Another pattern I notice among TDCJ officials in charge of oversight of Death Row is cognitive dissonance. Most guys in white are familiar with how TDCJ says one thing and does another on a myriad of issues, particularly on the individual C.O. level. But a pattern has emerged where officials think the harshness of solitary has been mitigated by the aforementioned recent developments. They aren’t seeing the guy whose skin still jumps when being escorted because he isn’t used to another human touch. They overlook the guy who hasn’t showered in two months, who is stuck and dysfunctional from taking too many pills/medications. See, our physiology is being harmed because of solitary, and cognitive dissonance is contributing to a disinformed perspective of that harm. I mean, it is an unlimited fallacy to tell a person in pain, “You’re not really hurting, it’s just in your mind.” How long will officials shift explanations of the clear mental decline of people caused by solitary confinement? (Then again, how long have they been doing it?)

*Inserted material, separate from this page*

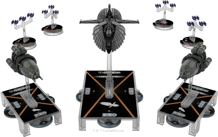This Fleet Starter provides the building blocks for your own Separatist fleet, starting with a Munificent-class Frigate miniature and two Hardcell-class Transport miniatures. These ships are supplemented by four squadrons of Vulture-class Droid Fighters ready to swarm their enemies. In addition to these miniatures, six ship cards give you the power to choose the exact models that make up your fleet and 20 upgrade cards invite you to fine-tune each ship with iconic officers, powerful weapons, and more.
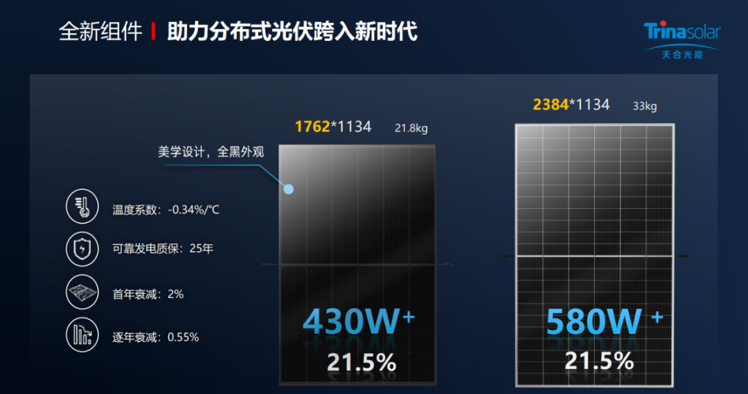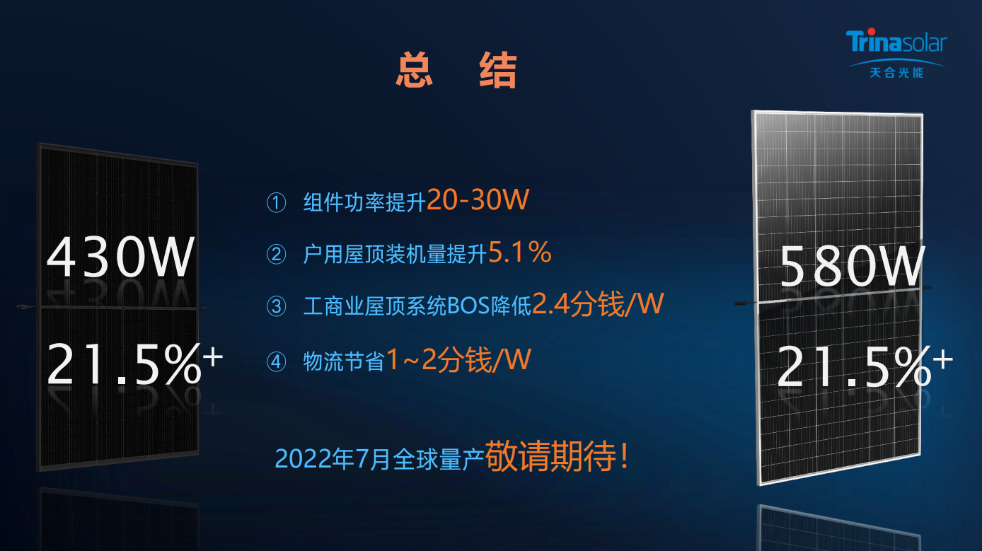 最为引人瞩目的事,在此次发布的新品中天合光能首次应用了新的硅片尺寸(210*182),据介绍,通过创新的210矩形硅片(G12R)电池技术及组件极致设计,显著提升组件效率及功率,相较市面同类组件尺寸和功率范围的产品,至尊小金刚430W和至尊580W产品分别有20-30W的功率优势。

I think that Texas as a government has accepted that prisons are a permanent part of society. Prisons brought jobs to rural Texans, and brought investment from big-time capitalists. Some groups report that 95 percent of incarcerated people get out of prison at some point and rejoin society. But for those of us stuck in prison for a lifetime or until we die (the five percent), solitary confinement is the worst place to be housed. For a lifer stuck in Ad-seg or a man on Death Row, it can feel like nothing will ever change or that life isn’t worth living anymore. Solitary confinement isn’t like a storage building for furniture, it really is torture. Far too many Texans have accepted a permanent form of torture that people make money off of. 

When my friend Arthur Brown Jr. (AJ) was executed after being on Death Row for 30 years, I reflected on some of the ways he found meaning in life. One time he told me, “Little brother, one day we gonna leave this motherfucker behind—one way or another. The key is to survive anyway you can that’s positive.” So to my brothers in the struggle, I’ll leave you with AJ’s words; and to other readers, remember that it takes an institution to defeat an institution.